Even though she was sedated she could still feel the pain.  I could tell when they gave her the numbing shots, and as they sewed her up.  She was flinch and flex her small body.  I had to l hold her hands down so the nurse could hold her head. At one point as if in slow motion she yelled out, "Moooooom", and "Noooooo".

It was scary to watch her come off of the meds.  That, for me, was probably the hardest part of the Emergency Room experience.  Even though her eyes were open, she didn't recognize me or anything going on around her.  Her body would tense, and then relax.  I kept looking up at the monitor to make sure her heart was still okay.  It was crazy.  Even after she started to recognize me she was flailing her arms, wanting to sit up, but couldn't cuz she had no control.  I held her for a little while which was like holding a squirming caterpillar.  At one point, Grace said in a panicked voice, "I need to go potty.".  I stood her up, but she was walking worse then a drunken sailor.  Legs flailing, body wavering, knees giving out.  It was quite comical. 

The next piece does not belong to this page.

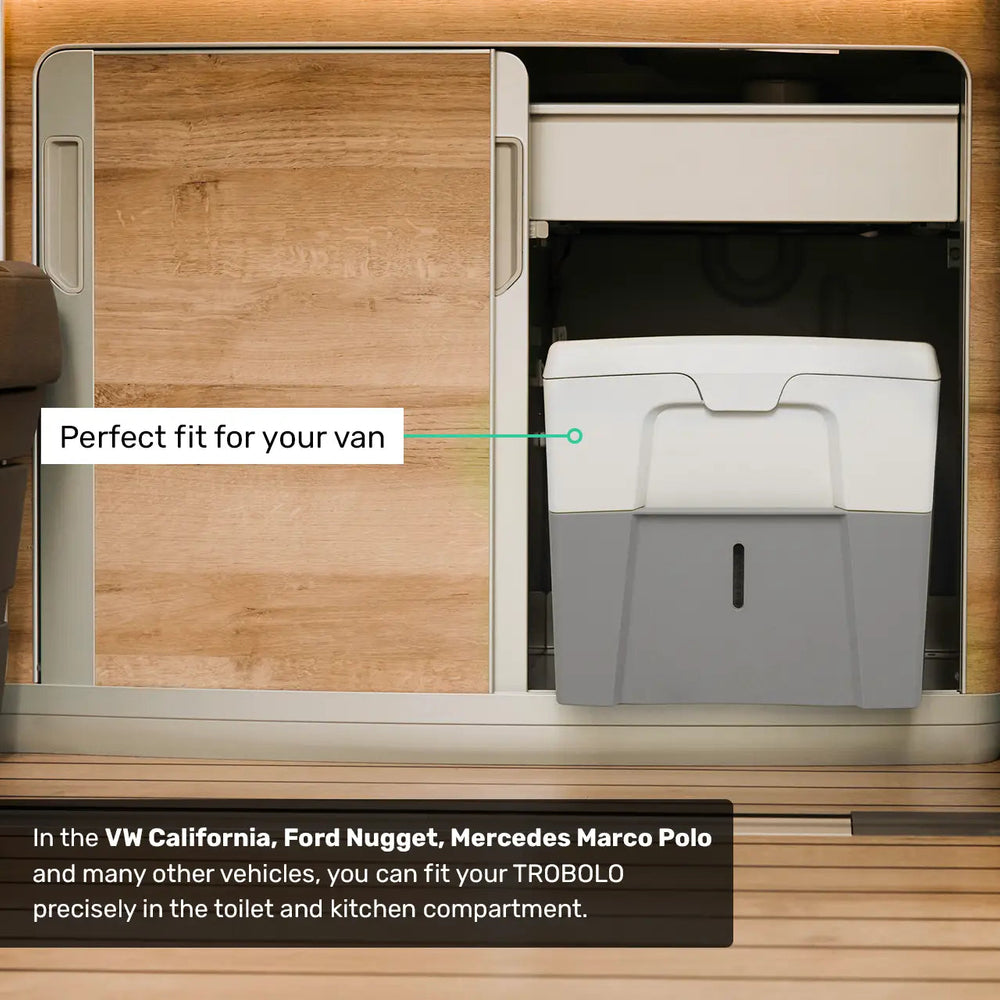 DER Organizer für alle Campervans mit integriertem seitlichen Küchenblock (z.B. California Ocean/Coast, Marco Polo, Vanster u.v.m.)! Endlich ist deine Suche nach einer kleinen, aber sinnvollen Mülllösung vorbei, denn bei diesem Organizer bekommst du einen 3-Liter-Mülleimer und einen praktischen Spülorganizer mitgeliefert. In der Mitte kannst du eine Küchenrolle oder ein Handtuch aufhängen und hast so immer alles griffbereit!

Finally she was well enough to take her home.  She struggled to eat the Popsicle they gave her and some how managed to eat it all before we got home. 

Here are some photos I took last night of her little face.





The only time she smiled all day yesterday.  
The only thing that made her happy was her new My Little Pony.


This expression on her face pretty much sums up our day yesterday.
The only way I can describe her is droopy. 

Yesterday I had a friend pick her up from Pre-school since I had a Dr.'s appointment.  Danniey told me that when they saw her Grace made a circular motion with her finger around her face and said, "I don't always look like this."  

Everyone keeps telling me that it could have been far worse.  Even though I agree with that statement I am still angry.  This is my daughter's face.  

Discussing what to do with the dog was another difficult moment.  Most of you know that there is no love lost between me and the dog.  If it were up to me, the dog would have been gone yesterday.  But unfortunately there are 6 other people involved, one of them being my 14 almost 15 year old son.  Have you ever had to deal with a sobbing teenage boy, begging you not to git rid of his "best" friend?  Even my husband cried as he relayed a story when he was 11/12 years old about his favorite cat that he found dead in the road.  People, it was tears and boogers GALORE!!!  My heart goes out to my children who love this manege mutt so much.

Now that emotions aren't so raw, we can really truly begin to discuss what to do.  I'm still so conflicted.

2 comments:

sugaryfrogs.blogspot.com said...

How frightening!

The Path Traveled said...

What a sad little face but thank God she is OK. It really could have been worse. You and your family have a hard decision to make. It would be hard for any family to make.
She is still beautiful and a brave little person.